Я коротко рассказал о капитане Кораблеве.
Генерал вытер снежной белизны платком уставшие глаза, задумался. Спустя минуту сказал:
— Удивительный и странный парадокс: все — от мала до велика — жаждут убить врага, в любое мгновение готовы умереть за Родину и в то же время так далеко пустили этого врага к себе в дом…
Метрах в двух от окопа разорвался снаряд. Дым и кислый запах горелого пороха защекотали ноздри. Сверху градом посыпались комья земли. Взрывы участились. Начался шквальный огонь. Уже нельзя было поднять головы.

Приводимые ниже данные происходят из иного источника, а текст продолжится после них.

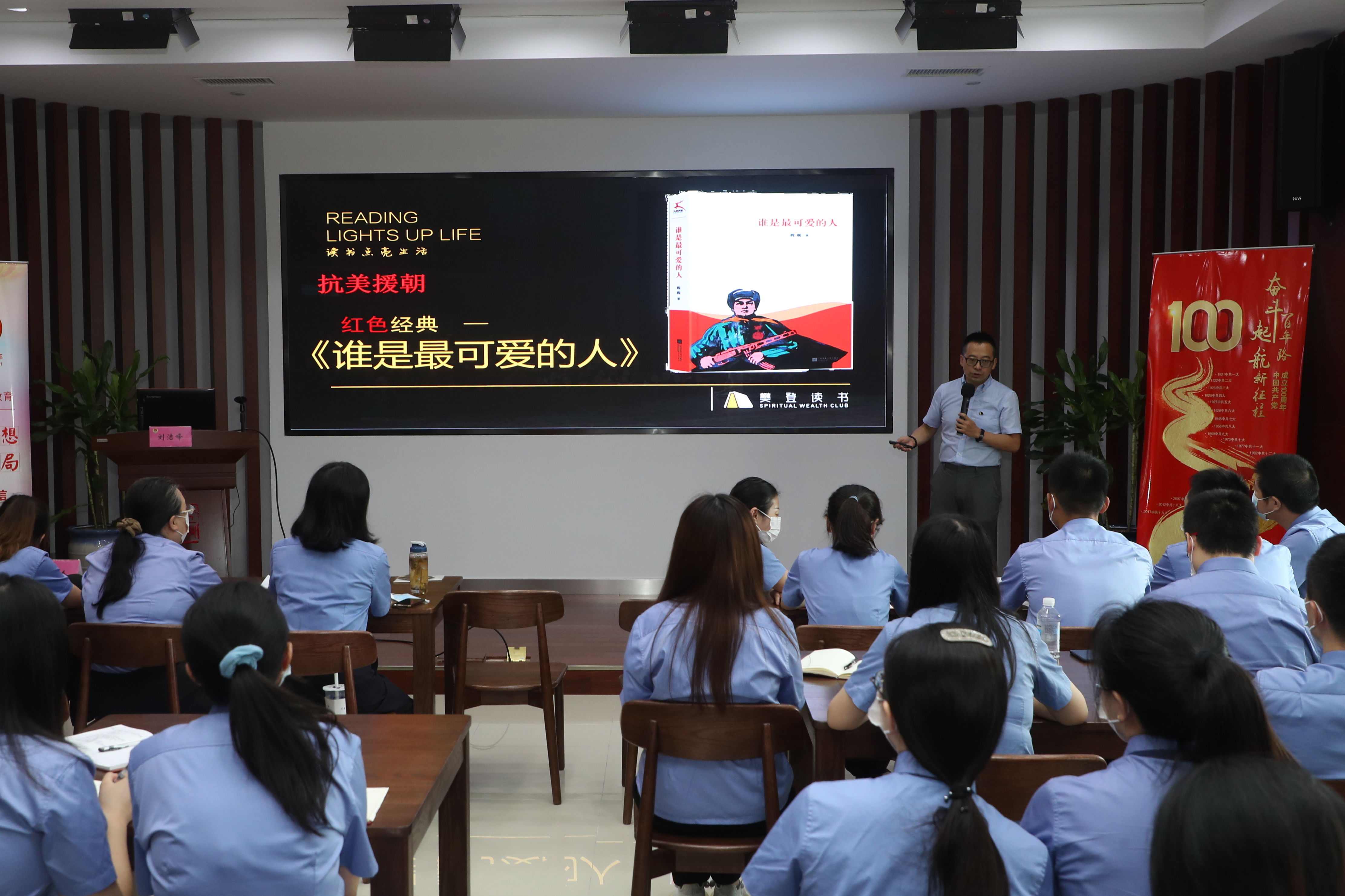 百年风华、不忘初心。为深入学习贯彻习近平总书记在庆祝中国共产党成立100周年大会上的重要讲话精神,进一步推进党史学习教育和 “书香机关”建设,巩固队伍教育整顿成果,8月20日下午,江苏省常州市检察院举行“百年风华、不忘初心”阅读领读活动暨红色经典读书分享会,邀请“樊登读书”讲师刘洁峰领共读红色经典书籍《谁是最可爱的人》。本次读书分享会由市院机关党委、团支部举办,由团支部组织委员陈楚主持,市院各部门和天目湖地区院的退役军人代表、青年检察人员等30余人参加本次活动。
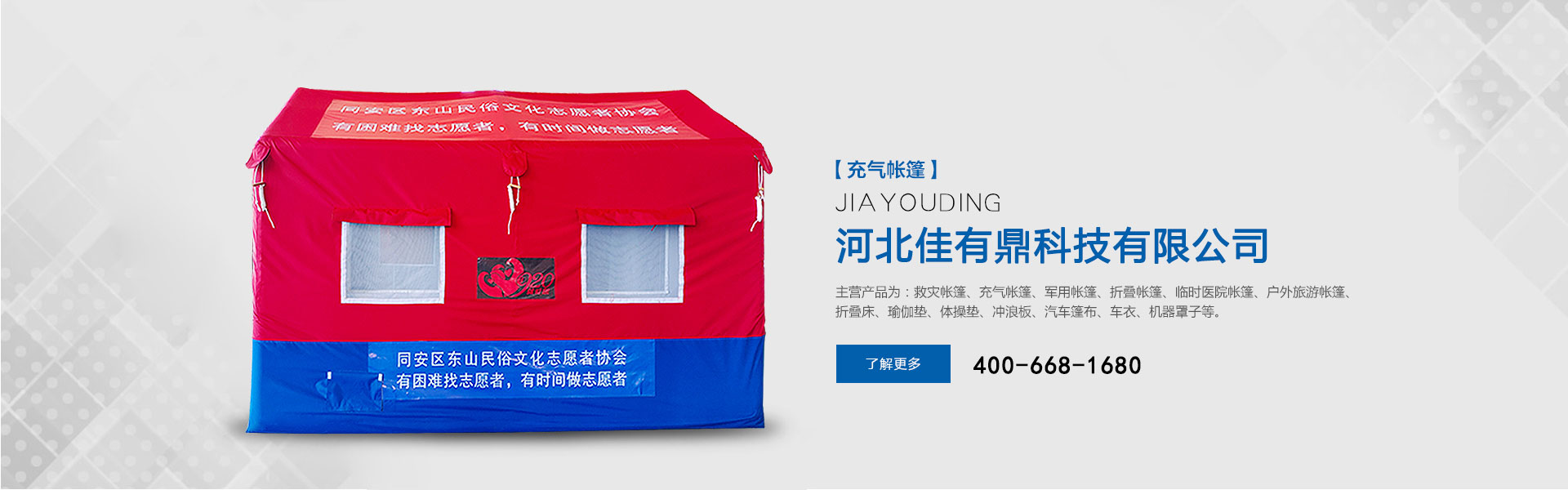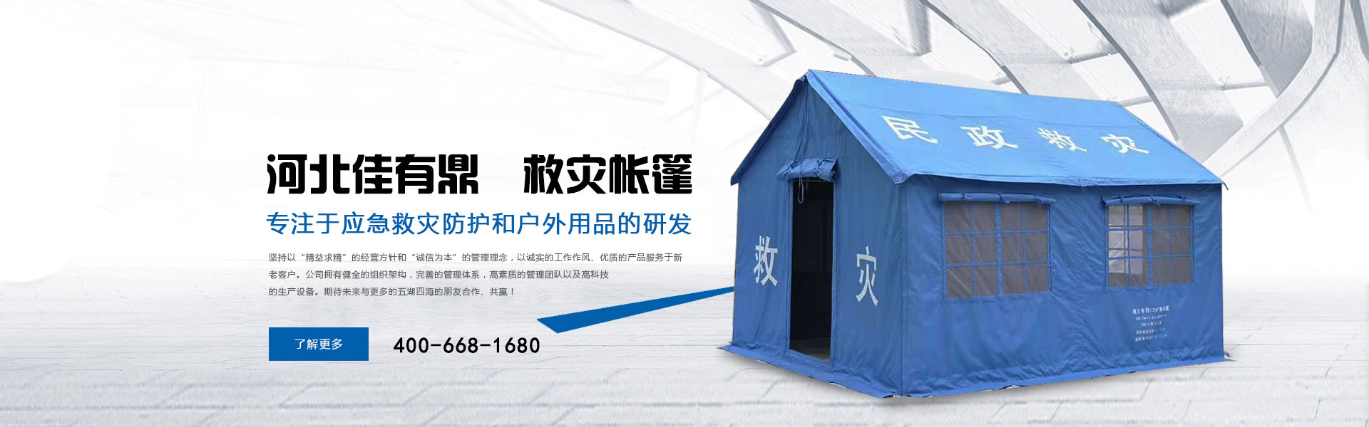 河北佳有鼎科技有限公司多年來(lái)專注于應(yīng)急救災(zāi)防護(hù)和戶外用品的研發(fā),是一家集研發(fā)、設(shè)計(jì)、生產(chǎn)、銷(xiāo)售、服務(wù)于一體的綜合型公司。位于大廣高速和邢衡高速的連接地段,工廠占地面積約2萬(wàn)平方米,3分鐘可達(dá)高速其便捷的交通優(yōu)勢(shì)可以快速服務(wù)于北京天津河北省會(huì)山東省會(huì)等。

Березина спокойно несла вдаль свои воды, широкая и хмурая. Немцы готовили переправу. Это чувствовалось по суете и оживлению на том берегу. Там забегали, закричали. На воду спустили несколько понтонов. Внезапно обстрел прекратился. Улеглась гулкая, до звона в ушах, тишина.
Генерал подозвал своего шофера. Я только сейчас по-настоящему разглядел его. Молоденькое, озорное лицо. Фасонистые галифе, хромовые сапожки — все на нем было с иголочки. Захаров, правда, не особенно жаловал генеральского водителя. Он прогнал парнишку из своего окопа, куда тот неожиданно под огнем пробрался с крошечным букетом цветов для Каталины. «Кши, кавалер!» — прикрикнул Захаров.
— Бурцев, ну-ка взнуздай своего красавца и жми в Могилев, — приказал генерал. — Мой приказ полковнику Фигурину — не медлить! Расшибиться, но дивизии быть здесь к шести часам! — генерал взглянул на часы. — К шести! — повторил он.
К шести часам! Сейчас — двадцать семь минут второго. Значит, надо продержаться четыре часа тридцать три минуты. Четыре часа тридцать три минуты! Вечность короче…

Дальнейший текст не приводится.